Using any other sources or failing fully to cite the sources used will constitute plagiarism and a grade of zero for your paper.
- One of Marcuse’s criticism of Freud is that Freud considered the Reality Principle to necessarily manifest itself in the form of the Performance Principle, and since the Performance Principle necessitates domination, alienation, and instrumental rationality, repression of both Eros and Thanatos becomes a necessity. Explain why Marcuse thinks that Freud is mistaken about the relationship between the Reality Principle and the Performance Principle and how, by severing the necessary relationship between the two, a non-repressive development of Eros and Thanatos becomes possible (the emphasis here should be mainly on the possibility of transforming the performance principle).

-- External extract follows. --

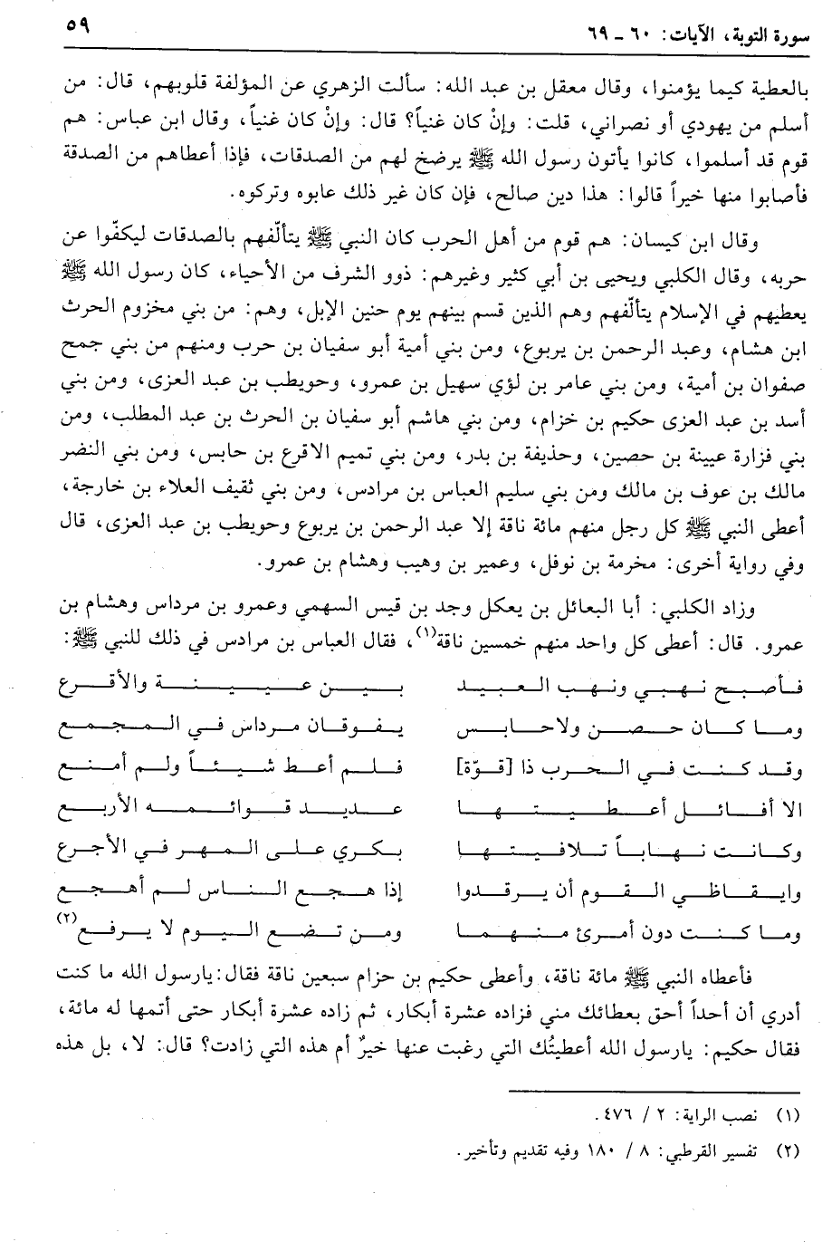 ، وقال الكلبي ويحيى بن أبي كثير وغيرهم: ذوو الشرف من الأحياء، كان رسول الله صلى الله عليه وسلّم يعطيهم في الإسلام يتألّفهم وهم الذين قسم بينهم يوم حنين الإبل، وهم: من بني مخزوم الحرث ابن هشام، وعبد الرحمن بن يربوع، ومن بني أمية أبو سفيان بن حرب ومنهم من بني جمح صفوان بن أمية، ومن بني عامر بن لؤي سهيل بن عمرو، وحويطب بن عبد العزى، ومن بني أسد بن عبد العزى حكيم بن خزام، ومن بني هاشم أبو سفيان بن الحرث بن عبد المطلب، ومن بني فزارة عيينة بن حصين، وحذيفة بن بدر، ومن بني تميم الأقرع بن حابس، ومن بني النضر مالك بن عوف بن مالك ومن بني سليم العباس بن مرداس، ومن بني ثقيف العلاء بن خارجة، أعطى النبي صلى الله عليه وسلّم كل رجل منهم مائة ناقة إلا عبد الرحمن بن يربوع وحويطب بن عبد العزى، قال وفي رواية أخرى: مخرمة بن نوفل، وعمير بن وهيب وهشام بن عمرو.

- One of Freud’s core contentions is that civilization is only possible through work, and that work is only possible through thorough repression of our libidinal instincts. Marcuse, on the other hand, believes in the possibility of non-repressive development of our libidinal instincts compatible with our modern civilization. Explain Marcuse’s argument for this latter possibility and assess the strength of Marcuse’s argument (the emphasis here should be mainly on the possibility of liberating the Eros from an exclusive genital interpretation as is done in ch.10).
3. Marcuse contends that some of our most elevated achievements, such as art, music, and literature—as well as our leisure time—are easily coopted and integrated by our repressive society under the performance principle. In spite of this, he claims that not everything in us can be so coopted and/or integrated and that we do have a source of revolutionary resistance in us. Explain what the content of this revolutionary resistance is and how it can allegedly escape the material comforts of modern society. Is Marcuse’s argument plausible?